Course Code: MMT-007

Assignment Code: MMT-007/TMA/2023

Maximum Marks: 100

1. State whether the following statements are True or False. Justify your answer with the help of a short proof or a counter-example:

\((5 \times 2=10)\)

i) Initial value problem:

\frac{d y}{d x}=\frac{y-1}{x}

\(y(0)=1\) has a unique solution.

ii) The second order Runge-Kutta method when applied to IVP \(y^{\prime}=-100 y, y(0)=1\) will produce stable results for \(0<h<\frac{1}{50}\).

iii) If Fourier cosine transform of \(f(x)\) is:

F_{c}(n)=\frac{\cos \left(\frac{2 n \pi}{3}\right)}{(2 n+1)^{2}}

where \(0 \leq x \leq 1\), then:

f(x)=1+2 \sum_{n=1}^{\infty} \frac{\cos \left(\frac{2 n \pi}{3}\right)}{(2 n+1)^{2}} \cos n \pi x .

iv) For the differential equation \(x^{2}(x-4)^{2} y^{\prime \prime}(x)+3 x y^{\prime}(x)-(x-4) y=0, x=0\), is a regular singular point and \(x=4\), is an irregular singular point.

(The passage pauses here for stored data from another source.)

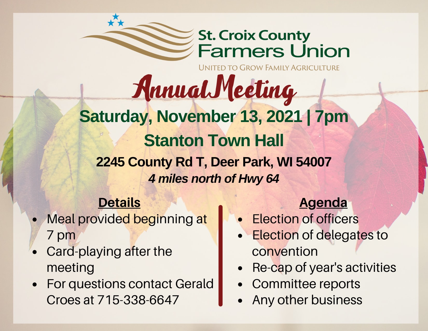 Join us for the WFU St. Croix Annual Meeting and card playing after the meeting!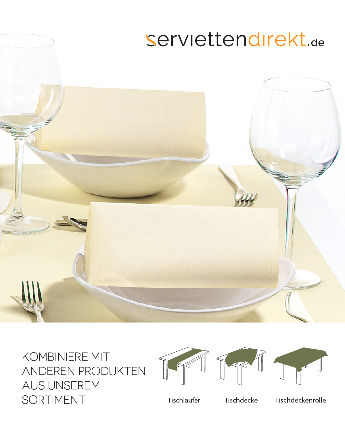 Klassisch und zeitlos sind Dekorationen mit Tischprodukten unseres Farbtons CREME. Der zarte Farbton ist der ideale Begleiter für festliche Anlässe. Solo oder in Kombination mit weiteren Produkten unseres Sortiments, ergeben sich so elegante und stilvolle Tischgestaltungen.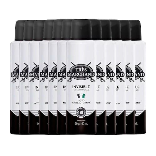 O Kit Desodorante Aerossol Très Marchand Invisible 150ml - 12 Unidades proporciona um toque de sensualidade, ideal para o dia e principalmente à noite. Sua Fórmula proporciona 48 horas de proteção, deixando uma sensação de segurança e bem estar durante o dia, Além de possuir Formula antitranspirante. Conta ainda com ação invisible anti-machas.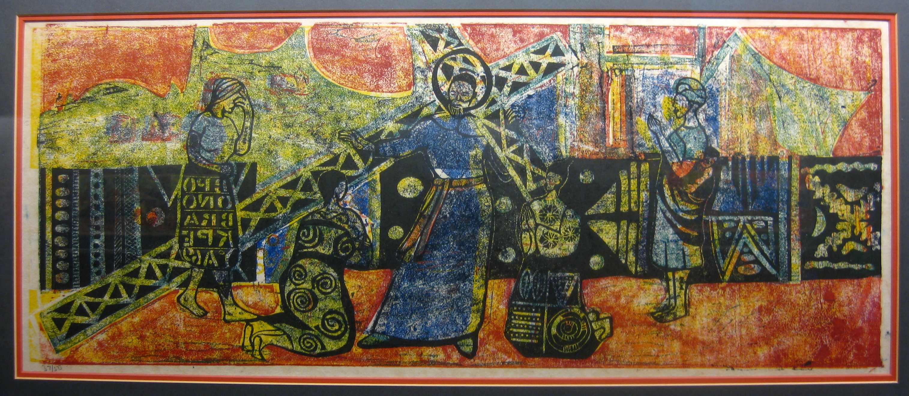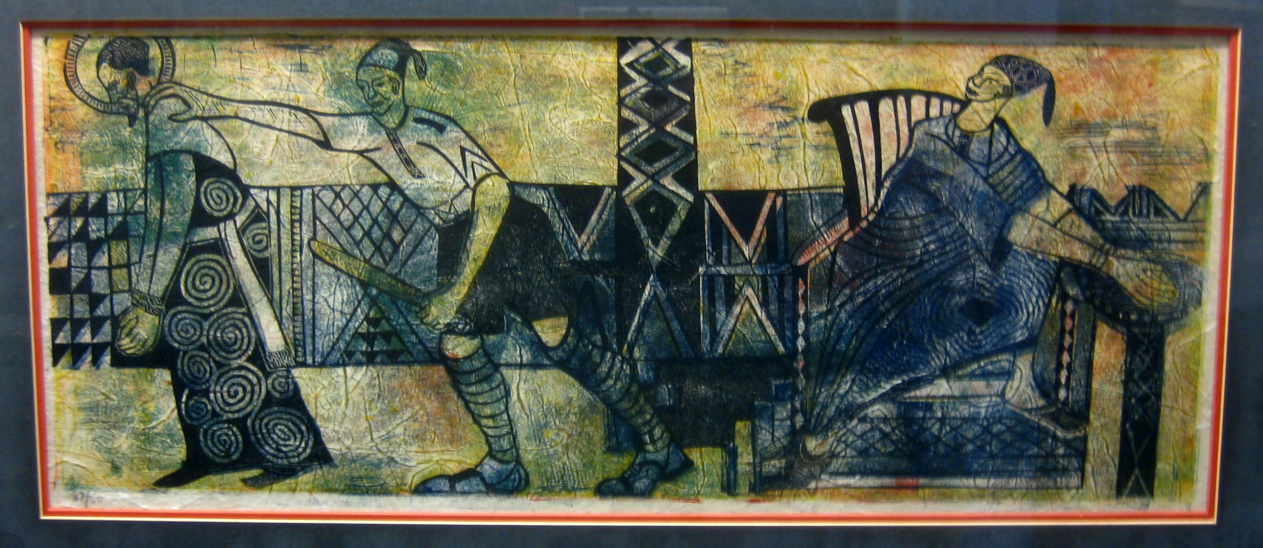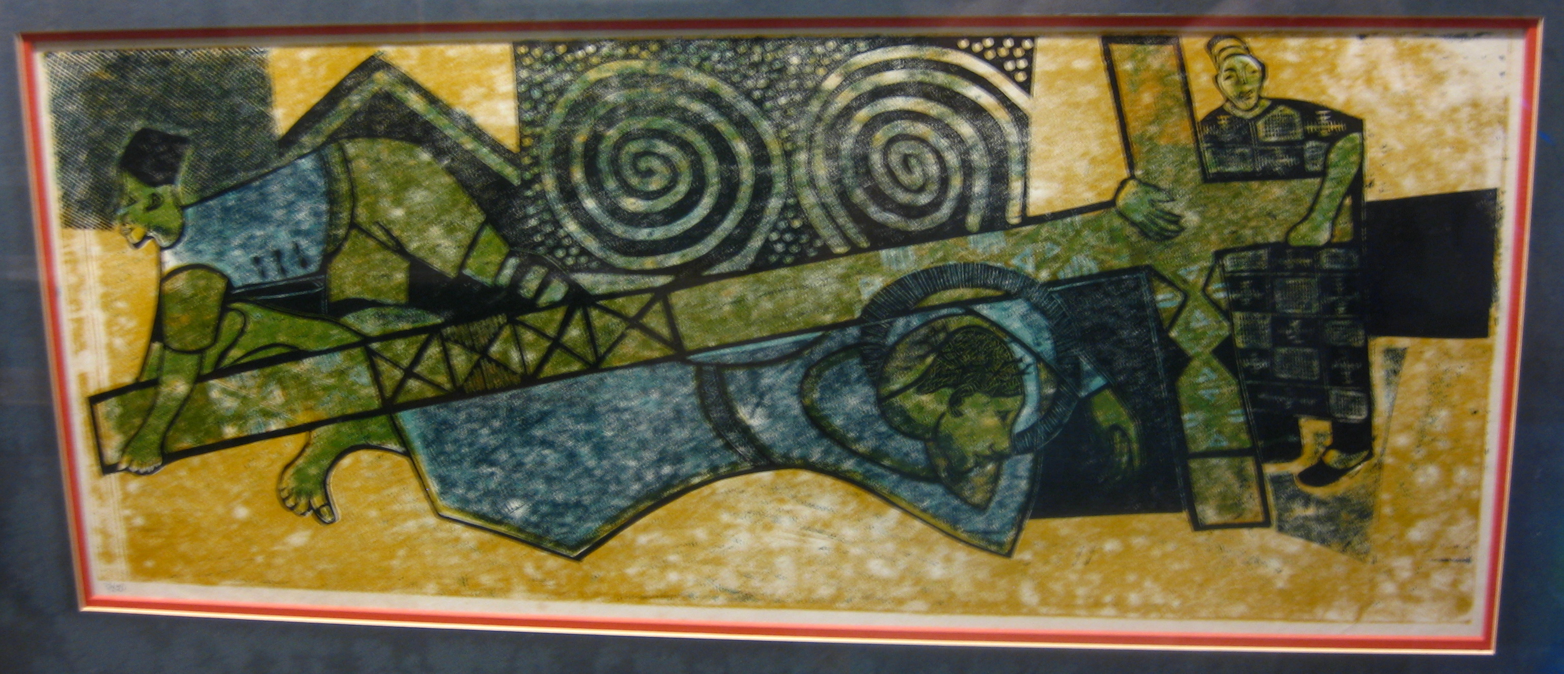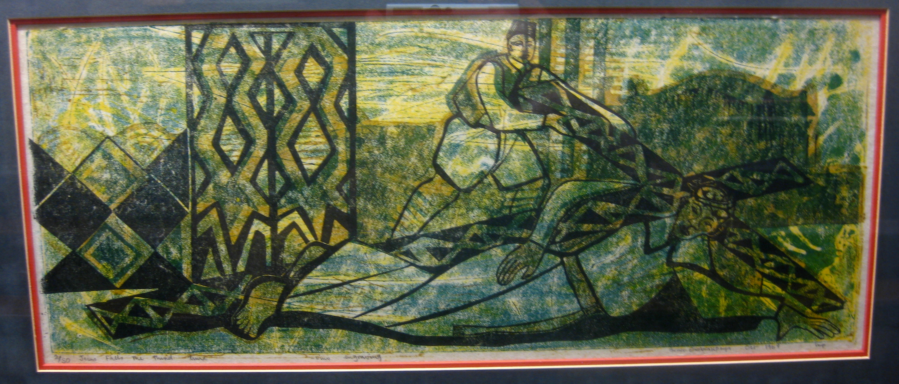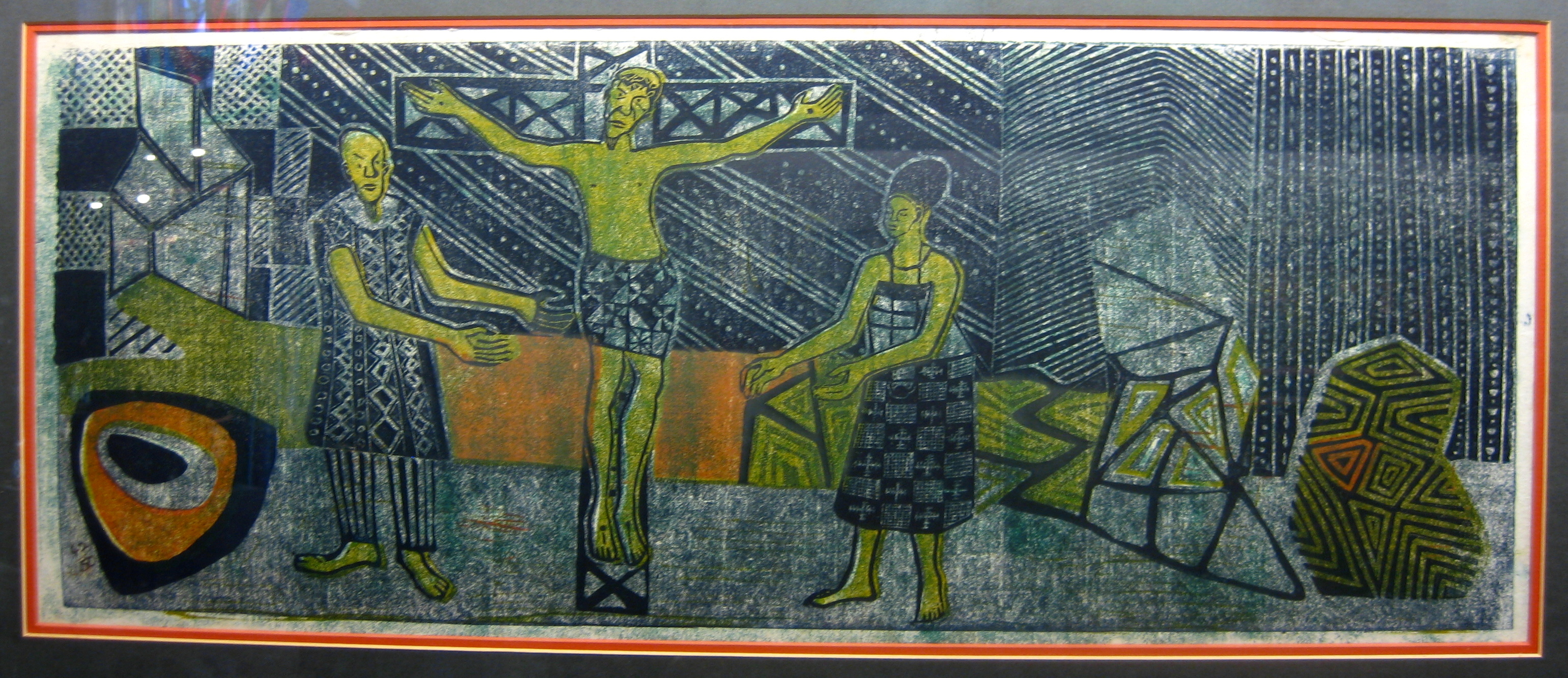 Other African artists have done their own versions of the Stations of the Cross, but one of the things that makes Onobrakpeya’s unique is his use of color and patterning. Greens, blues, reds, and yellows explode into the background, as do checkers, spirals, zigzags, dots, and other geometric shapes, repeated from the figures’ garments. Such abstraction adds to the mysticality of the event.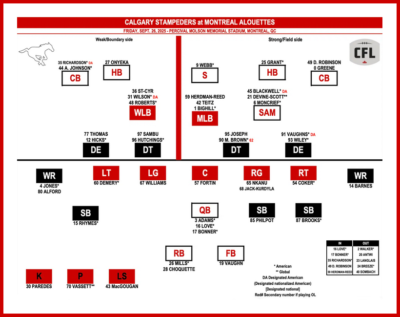 In corresponding moves, Calgary has moved quarterbacks Josh Love and Logan Bonner to the active roster, who will dress as the second and third-stringers behind Adams Jr., respectively. Tyler Richardson will dress as a backup cornerback after being a healthy scratch last week, while Canadian depth players Justin Herdman-Reed and Dolani Robinson have also been added to the active roster.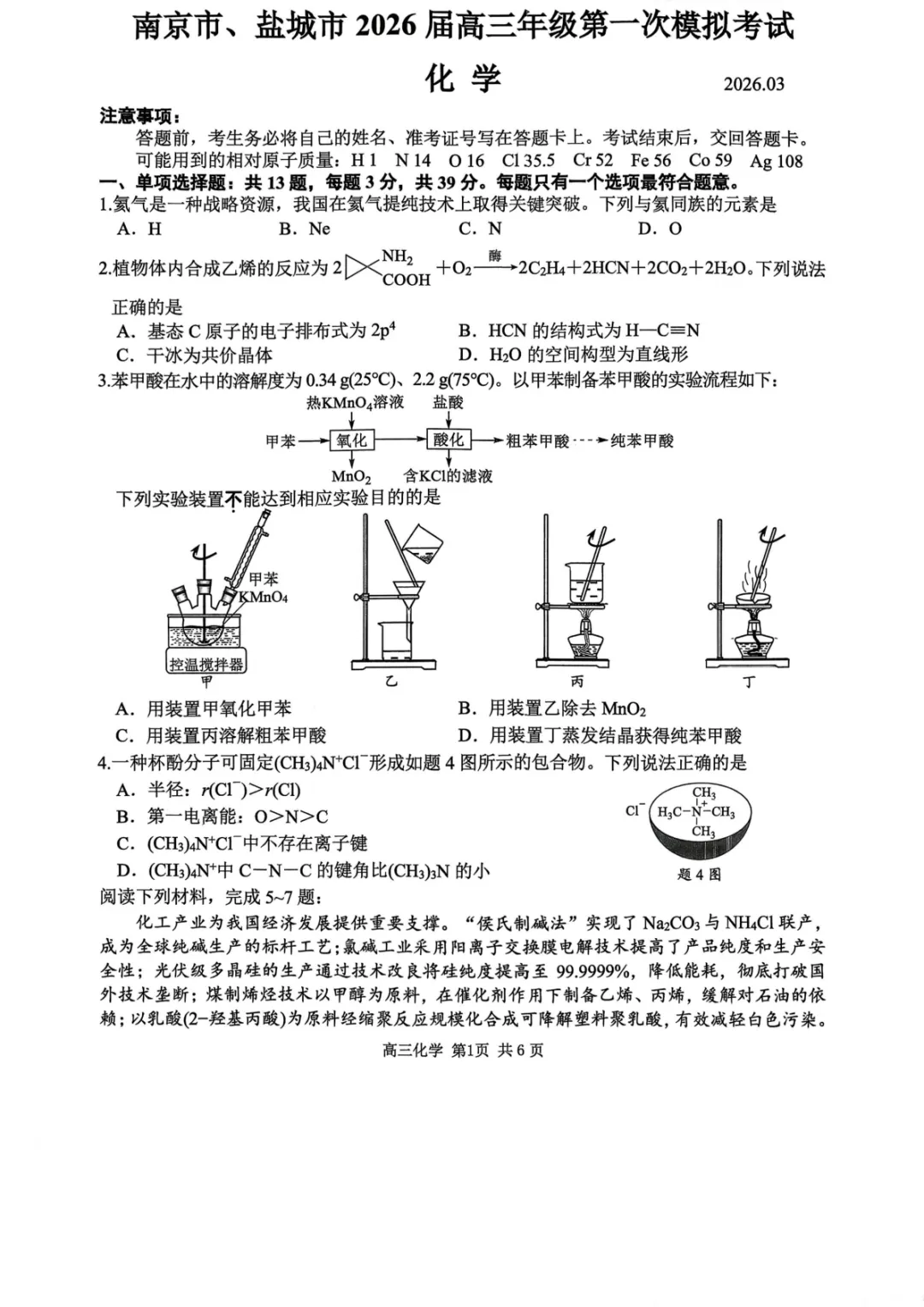 南京市、盐城市2026届高三年级第一次模拟考试【化学】试卷及答案

2. a) Find the power series solution of the equation:

x^{2} \frac{d^{2} y}{d x^{2}}+4 x \frac{d y}{d x}+\left(x^{2}+2\right) y=0

about its singular point.

b) Construct Green’s function for the following boundary value problem:

\frac{d^{2} y}{d x^{2}}+9 y=0

with \(y(0)=y(1)=0\)

3. a) Find the solution of \(\nabla^{2} u=0\) in \(R\) subject to \(R\) : triangle \(0 \leq x \leq 1,0 \leq y \leq 1\), \(0 \leq x+y \leq 1\) and \(u(x, y)=x^{2}-y^{2}\) on the boundary of the triangle. Assume \(h=\frac{1}{4}\) and use five-point formula.

b) Show that the method:

y_{i+1}=\frac{4}{3} y_{i}-\frac{1}{3} y_{i-1}+\frac{2 h}{3} y_{i+1}^{\prime}

is absolutely stable when applied to the equation \(y^{\prime}=\lambda y, \lambda<0\).

c) Evaluate \(L^{-1}\left\{\frac{1}{(s+1)\left(s^{2}+1\right)}\right\}\), using convolution theorem.

4. a) Heat conduction equation \(u_{t}=u_{x x}\) is approximated by the method:

u_{m}^{n+1}-u_{m}^{n-1}=\frac{2 k}{h^{2}} \delta_{k}^{2} u_{m}^{n}

Find the order of the method and investigate the stability of this method using Von Neumann method.

b) Using second order finite differences method with \(h=\frac{1}{2}\), obtain the system of equations for \(y_{0}, y_{1}\) and \(y_{2}\) for solving the boundary value problem:

y^{\prime \prime}-5 y^{\prime}+6 y=3

with \(y(0)-y^{\prime}(0)=-1\) and \(y(1)+y^{\prime}(1)=1\)

5. a) Given \(\frac{d y}{d x}=x-y^{2}, y(0.2)=(0.02)\). Find \(y(0.4)\) by using modified Euler’s method, correct to two decimal places, taking \(h=0.2\).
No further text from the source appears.